The code cell below will be appended to particles.ipynb. It __import__s tools into readme.ipynb's interactive mode. It now becomes quite easy to iteratively develop and test parts of the procedural document.

attach(particles)
"""particles treat notebooks as data"""
'particles treat notebooks as data'
attach(particles)
from nbformat import reads, v4 
from pandas import concat, DataFrame, to_datetime 
from pathlib import Path 

callables in particles

Create two main functions for particles to export

attach()
def read_notebooks(dir:str='.')->DataFrame:
    """Read a directory of notebooks into a pandas.DataFrame
    >>> df = read_notebooks('.')
    >>> assert len(df) and isinstance(df, DataFrame)"""
    return concat({
        file: DataFrame(reads(file.read_text(), 4)['cells'])
        for file in Path(dir).glob('*.ipynb')
    }).reset_index(-1, drop=True)

The read_notebooks index is a pathlib object containing extra metadata. files_to_data extracts the stat properties for each file.

attach()
def files_to_data(df:DataFrame)->DataFrame:
    """Transform an index of Path's to a dataframe of os_stat.
    >>> df = files_to_data(read_notebooks())
    """
    stats, index = [], df.index.unique()
    for file in index:
        stat = file.stat() 
        stats.append({
            key: to_datetime(
                getattr(stat, key), unit=key.endswith('s') and key.rsplit('_')[-1] or 's'
            ) if 'time' in key else getattr(stat, key)
            for key in dir(stat) if not key.startswith('_') and not callable(getattr(stat, key))})
    # Append the change in time to the dataframe.
    return DataFrame(stats, index).pipe(lambda df: df.join((df.st_mtime - df.st_birthtime).rename('dt')))

Control Flow in Procedural Notebooks

A procedural notebooks will use clues from a namespace to decide what statements to execute in different contexts.

if __name__ != '__main__': assert __name__+'.py' == __file__

In Jupyter mode

__name__ == '__main__', but nothing is known about the python object __file__.

In Setup mode

__name__ == '__main__' and assert __file__ .

As a python package mode

__name__ + '.py' == __file__.

get_ipython

The get_ipython context must be manually imported to use magics in converted notebooks.

    from IPython import get_ipython

Controlling value assignment

Introspect the interactive Jupyter namespace to control expressions in procedural notebooks.

thing = get_ipython().user_ns.get('thing', 42):

readme procedures to make particles

Below are the procedures to test and create the particles package.

  • doctests were declared in each of our functions. doctest can be run in an interactive notebook session, unittest cannot.

    doctest catches a lot of errors when it is in the Restart and Run All pipeline.

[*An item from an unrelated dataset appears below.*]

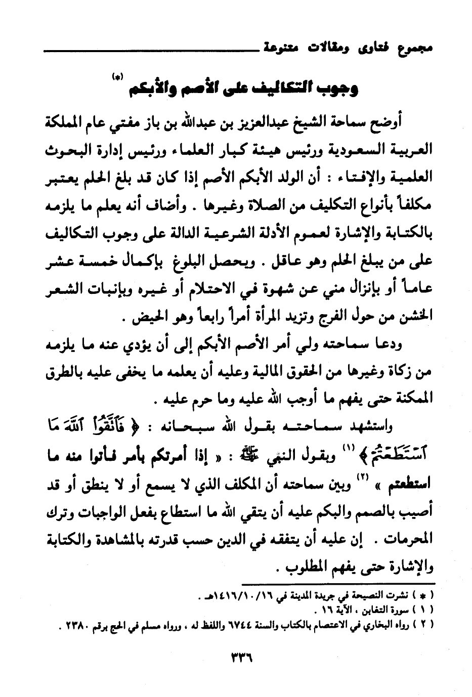واستشهد سماحته بقول الله سبحانه: {فَاتَّقُوا اللَّهَ مَا اسْتَطَعْتُمْ} (¬1) وبقول النبي صلى الله عليه وسلم: «إذا أمرتكم بأمر فأتوا منه ما استطعتم (¬2) » وبين سماحته أن المكلف الذي لا يسمع أو لا ينطق أو قد أصيب بالصمم والبكم عليه أن يتقي الله ما استطاع بفعل الواجبات وترك المحرمات. إن عليه أن يتفقه في الدين حسب قدرته بالمشاهدة والكتابة والإشارة حتى يفهم المطلوب.

It is a great place to stash repeatedly typed statements.

  • When the tests pass write the particles.ipynb notebook.

if __name__ == '__main__':
    print(__import__('doctest').testmod())
    Path(nb).write_text(__import__('nbformat').writes(particles))
TestResults(failed=0, attempted=5)
  • Transform both readme.ipynb and the newly minted particles.ipynb to python scripts.
  • Autopep it because we can.
  • Rerun the same tests on particles.py
if __name__ == '__main__' and '__file__' not in globals():
    !jupyter nbconvert --to python --TemplateExporter.exclude_input_prompt=True particles.ipynb readme.ipynb
    !autopep8 --in-place --aggressive readme.py particles.ipynb
    !python -m doctest particles.py & echo "success"
    !jupyter nbconvert --to markdown --TemplateExporter.exclude_input_prompt=True readme.ipynb
[NbConvertApp] Converting notebook particles.ipynb to python
[NbConvertApp] Writing 1234 bytes to particles.py
[NbConvertApp] Converting notebook readme.ipynb to python
[NbConvertApp] Writing 10488 bytes to readme.py
success
[NbConvertApp] Converting notebook readme.ipynb to markdown
[NbConvertApp] Writing 10407 bytes to readme.md
  • setuptools will install the particles package using the conditions for setup mode.

    Install the particles package

    python readme.py develop

    if __name__ == '__main__' and '__file__' in globals():
        __import__('setuptools').setup(
            name="particles", 
            py_modules=['particles'], 
            install_requires=['notebook', 'pandas'])

Reusing particles

A notebook that can be imported is reusable.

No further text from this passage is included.